CAPTION: Defence civilian Beryl Webber receives her graduation certificate after successfully completing the Certificate II in Security Operations course at RAAF Base Tindal, Northern Territory. Story by Sarah-Kate Melehan.

But Beryl Webber feels her two careers are actually closely aligned.

“As a nurse it is about caring for and looking after people, people who are sick and vulnerable and need help,” Ms Webber said.

“Working in security on a base is about protecting the base and its personnel and it’s about protecting the country and doing my bit for national security.”

The Katherine-based aged-care nurse is among eight Indigenous students to have completed the 10-day Certificate II in Security Operations course at RAAF Base Tindal.

The students received their much-anticipated certificates during a ceremony at the base on August 30.

The graduates are currently awaiting their security licences and, once received, will start working for Wilson Security at the base.

The Certificate II course is the minimum requirement for a person to be able to obtain a security licence in the Northern Territory.

The course was run by Wilson Security in partnership with a registered training organisation and via funding from the NT Department of Industry, Tourism and Trade.

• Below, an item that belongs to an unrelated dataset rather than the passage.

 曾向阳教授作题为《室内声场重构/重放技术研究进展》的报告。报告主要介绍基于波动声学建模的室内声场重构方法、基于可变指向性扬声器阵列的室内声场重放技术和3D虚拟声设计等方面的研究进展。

Subjects included self-defence, emergency and evacuation procedures, how to apply legal and procedural requirements, risk assessments and work health and safety, patrolling premises and access control measures.

Department of Industry, Tourism and Trade Workforce Development Officer, Karyn Kalamaras, was instrumental in getting the program off the ground.

“Eight people started the course and eight people finished the course,” Ms Kalamaras said.

“It’s not only eight people now in a job, it’s their families too – it’s the children seeing their parents going to work all dressed up in a uniform, and being wonderful roles models,” she said.

Ms Webber will continue to work as a casual nurse in addition to security work, and says it’s also the social aspects of the role that touch her heart.

“I remember what it was like when working as a nurse and people would come in and the look on their faces, it was just relief that I was there,” Ms Webber said.

“They felt more comfortable talking to me than talking to the doctors.

“It’s all good giving kids leaflets [about job opportunities], but it’s when they actually see you in a uniform and in the role that it matters.”